Data entries:
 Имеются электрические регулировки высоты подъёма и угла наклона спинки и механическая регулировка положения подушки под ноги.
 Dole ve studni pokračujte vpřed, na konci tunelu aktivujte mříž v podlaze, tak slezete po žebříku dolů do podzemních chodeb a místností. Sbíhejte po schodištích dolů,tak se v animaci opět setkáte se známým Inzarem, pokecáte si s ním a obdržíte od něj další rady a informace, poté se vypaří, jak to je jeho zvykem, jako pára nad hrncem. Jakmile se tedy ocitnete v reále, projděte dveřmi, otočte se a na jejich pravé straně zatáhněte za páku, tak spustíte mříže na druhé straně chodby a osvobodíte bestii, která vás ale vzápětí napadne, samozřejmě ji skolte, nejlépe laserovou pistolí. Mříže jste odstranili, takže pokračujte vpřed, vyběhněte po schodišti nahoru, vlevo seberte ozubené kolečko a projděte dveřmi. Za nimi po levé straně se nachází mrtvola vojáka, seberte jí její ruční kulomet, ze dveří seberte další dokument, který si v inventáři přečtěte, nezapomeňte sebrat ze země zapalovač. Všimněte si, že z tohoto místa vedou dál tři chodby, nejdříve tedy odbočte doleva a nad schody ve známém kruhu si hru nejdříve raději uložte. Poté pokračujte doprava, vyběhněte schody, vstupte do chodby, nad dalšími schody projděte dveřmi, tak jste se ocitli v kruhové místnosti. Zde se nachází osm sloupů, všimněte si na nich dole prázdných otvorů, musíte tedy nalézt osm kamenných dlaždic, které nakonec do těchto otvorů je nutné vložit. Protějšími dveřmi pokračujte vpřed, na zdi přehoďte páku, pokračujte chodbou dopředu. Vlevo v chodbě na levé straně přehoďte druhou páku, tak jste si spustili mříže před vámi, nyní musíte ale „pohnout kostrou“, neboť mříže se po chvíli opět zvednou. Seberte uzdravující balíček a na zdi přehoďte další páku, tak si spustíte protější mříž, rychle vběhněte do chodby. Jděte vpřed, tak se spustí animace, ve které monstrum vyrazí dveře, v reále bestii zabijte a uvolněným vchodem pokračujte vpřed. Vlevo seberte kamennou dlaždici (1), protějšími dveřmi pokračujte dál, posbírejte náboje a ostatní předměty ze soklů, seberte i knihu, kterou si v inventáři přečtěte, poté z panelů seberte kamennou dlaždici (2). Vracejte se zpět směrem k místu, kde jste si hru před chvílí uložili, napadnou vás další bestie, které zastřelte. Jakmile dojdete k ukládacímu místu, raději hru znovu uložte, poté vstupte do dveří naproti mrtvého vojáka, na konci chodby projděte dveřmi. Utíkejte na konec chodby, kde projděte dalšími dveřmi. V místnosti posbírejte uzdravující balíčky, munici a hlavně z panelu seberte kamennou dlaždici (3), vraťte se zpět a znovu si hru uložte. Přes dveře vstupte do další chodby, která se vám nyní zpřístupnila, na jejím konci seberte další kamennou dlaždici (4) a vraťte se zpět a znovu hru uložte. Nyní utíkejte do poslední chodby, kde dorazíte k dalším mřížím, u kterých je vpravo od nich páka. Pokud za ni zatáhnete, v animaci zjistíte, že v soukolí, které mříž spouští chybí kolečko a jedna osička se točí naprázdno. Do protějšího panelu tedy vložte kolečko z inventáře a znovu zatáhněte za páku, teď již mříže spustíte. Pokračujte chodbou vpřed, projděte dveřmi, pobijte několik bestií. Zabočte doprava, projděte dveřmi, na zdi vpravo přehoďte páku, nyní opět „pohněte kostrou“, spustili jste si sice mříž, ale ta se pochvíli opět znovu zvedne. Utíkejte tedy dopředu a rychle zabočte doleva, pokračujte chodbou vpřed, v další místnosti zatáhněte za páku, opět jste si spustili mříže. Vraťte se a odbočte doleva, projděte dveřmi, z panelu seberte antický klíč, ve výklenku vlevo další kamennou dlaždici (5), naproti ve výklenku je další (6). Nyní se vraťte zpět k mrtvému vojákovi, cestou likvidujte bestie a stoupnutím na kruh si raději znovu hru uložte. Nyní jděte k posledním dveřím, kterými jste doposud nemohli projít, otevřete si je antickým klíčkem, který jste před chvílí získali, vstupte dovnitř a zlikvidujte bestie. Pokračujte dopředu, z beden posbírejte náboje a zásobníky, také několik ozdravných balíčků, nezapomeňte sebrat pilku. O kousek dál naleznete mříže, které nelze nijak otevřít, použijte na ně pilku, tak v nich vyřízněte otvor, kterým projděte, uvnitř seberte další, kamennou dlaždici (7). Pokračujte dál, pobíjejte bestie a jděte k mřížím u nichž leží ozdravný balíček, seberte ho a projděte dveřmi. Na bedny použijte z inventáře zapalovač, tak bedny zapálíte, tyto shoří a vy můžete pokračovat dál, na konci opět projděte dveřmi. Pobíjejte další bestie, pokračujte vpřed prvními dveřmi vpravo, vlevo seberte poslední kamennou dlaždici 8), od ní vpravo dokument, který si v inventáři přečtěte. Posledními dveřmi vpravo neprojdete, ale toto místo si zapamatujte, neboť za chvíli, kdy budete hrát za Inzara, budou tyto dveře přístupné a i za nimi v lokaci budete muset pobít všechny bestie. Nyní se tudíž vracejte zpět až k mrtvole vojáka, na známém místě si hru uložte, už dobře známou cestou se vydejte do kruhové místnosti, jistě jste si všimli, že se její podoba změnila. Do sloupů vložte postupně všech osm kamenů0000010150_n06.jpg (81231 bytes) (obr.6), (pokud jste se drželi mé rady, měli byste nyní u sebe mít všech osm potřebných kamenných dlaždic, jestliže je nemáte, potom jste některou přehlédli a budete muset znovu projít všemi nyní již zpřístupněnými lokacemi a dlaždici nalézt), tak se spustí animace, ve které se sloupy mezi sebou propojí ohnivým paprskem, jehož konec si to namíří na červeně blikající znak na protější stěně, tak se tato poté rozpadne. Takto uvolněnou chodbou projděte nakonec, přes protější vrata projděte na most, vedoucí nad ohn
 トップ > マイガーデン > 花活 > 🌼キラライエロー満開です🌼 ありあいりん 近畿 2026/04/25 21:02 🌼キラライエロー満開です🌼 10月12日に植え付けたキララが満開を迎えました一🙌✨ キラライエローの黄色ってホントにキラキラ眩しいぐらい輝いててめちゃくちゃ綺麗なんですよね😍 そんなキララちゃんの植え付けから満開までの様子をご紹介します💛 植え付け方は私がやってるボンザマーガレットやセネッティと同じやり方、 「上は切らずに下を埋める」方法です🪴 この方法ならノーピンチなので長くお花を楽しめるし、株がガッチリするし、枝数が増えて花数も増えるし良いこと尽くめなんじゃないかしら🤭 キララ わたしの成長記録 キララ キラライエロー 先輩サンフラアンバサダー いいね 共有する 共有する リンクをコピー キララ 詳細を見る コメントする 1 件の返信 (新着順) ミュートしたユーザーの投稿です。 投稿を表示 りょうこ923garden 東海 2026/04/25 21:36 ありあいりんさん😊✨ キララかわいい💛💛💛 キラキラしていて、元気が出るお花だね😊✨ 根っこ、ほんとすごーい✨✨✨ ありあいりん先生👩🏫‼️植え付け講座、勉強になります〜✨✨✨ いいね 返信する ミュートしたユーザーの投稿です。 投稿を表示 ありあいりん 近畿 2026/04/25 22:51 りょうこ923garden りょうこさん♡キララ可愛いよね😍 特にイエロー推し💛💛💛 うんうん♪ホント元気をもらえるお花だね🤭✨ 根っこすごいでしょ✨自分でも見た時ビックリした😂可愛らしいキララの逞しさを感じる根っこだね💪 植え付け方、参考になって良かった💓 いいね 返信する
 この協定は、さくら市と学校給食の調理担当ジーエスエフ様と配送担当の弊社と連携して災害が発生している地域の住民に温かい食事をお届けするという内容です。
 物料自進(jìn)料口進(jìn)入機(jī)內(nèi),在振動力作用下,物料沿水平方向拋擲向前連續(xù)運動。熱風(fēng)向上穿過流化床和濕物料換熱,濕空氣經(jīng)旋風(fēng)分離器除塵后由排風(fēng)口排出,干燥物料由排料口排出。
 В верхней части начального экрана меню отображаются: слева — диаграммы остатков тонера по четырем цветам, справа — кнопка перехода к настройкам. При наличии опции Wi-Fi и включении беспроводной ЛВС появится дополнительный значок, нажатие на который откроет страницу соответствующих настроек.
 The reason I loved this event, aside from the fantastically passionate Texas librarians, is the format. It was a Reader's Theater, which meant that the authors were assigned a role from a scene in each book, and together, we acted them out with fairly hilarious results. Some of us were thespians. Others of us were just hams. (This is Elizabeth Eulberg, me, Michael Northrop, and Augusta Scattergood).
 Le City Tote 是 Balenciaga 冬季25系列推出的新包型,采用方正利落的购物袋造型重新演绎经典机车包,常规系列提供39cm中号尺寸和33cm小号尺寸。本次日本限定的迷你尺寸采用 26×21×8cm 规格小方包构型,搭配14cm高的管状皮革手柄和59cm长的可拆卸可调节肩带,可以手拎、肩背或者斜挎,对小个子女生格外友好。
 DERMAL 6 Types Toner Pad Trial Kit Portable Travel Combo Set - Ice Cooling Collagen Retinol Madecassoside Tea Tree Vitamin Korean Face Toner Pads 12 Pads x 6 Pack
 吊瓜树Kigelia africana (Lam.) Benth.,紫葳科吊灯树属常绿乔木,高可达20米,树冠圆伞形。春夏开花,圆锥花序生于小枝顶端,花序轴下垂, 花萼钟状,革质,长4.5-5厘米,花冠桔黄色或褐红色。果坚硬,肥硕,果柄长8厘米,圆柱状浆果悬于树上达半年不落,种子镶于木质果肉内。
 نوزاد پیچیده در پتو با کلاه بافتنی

Exercise instructions
Beginning at the line that contains "吊瓜树Kigelia africana (Lam.)" and ending at the last line above, copy each line without any change.

Solution for this problem
 吊瓜树Kigelia africana (Lam.) Benth.,紫葳科吊灯树属常绿乔木,高可达20米,树冠圆伞形。春夏开花,圆锥花序生于小枝顶端,花序轴下垂, 花萼钟状,革质,长4.5-5厘米,花冠桔黄色或褐红色。果坚硬,肥硕,果柄长8厘米,圆柱状浆果悬于树上达半年不落,种子镶于木质果肉内。
 نوزاد پیچیده در پتو با کلاه بافتنی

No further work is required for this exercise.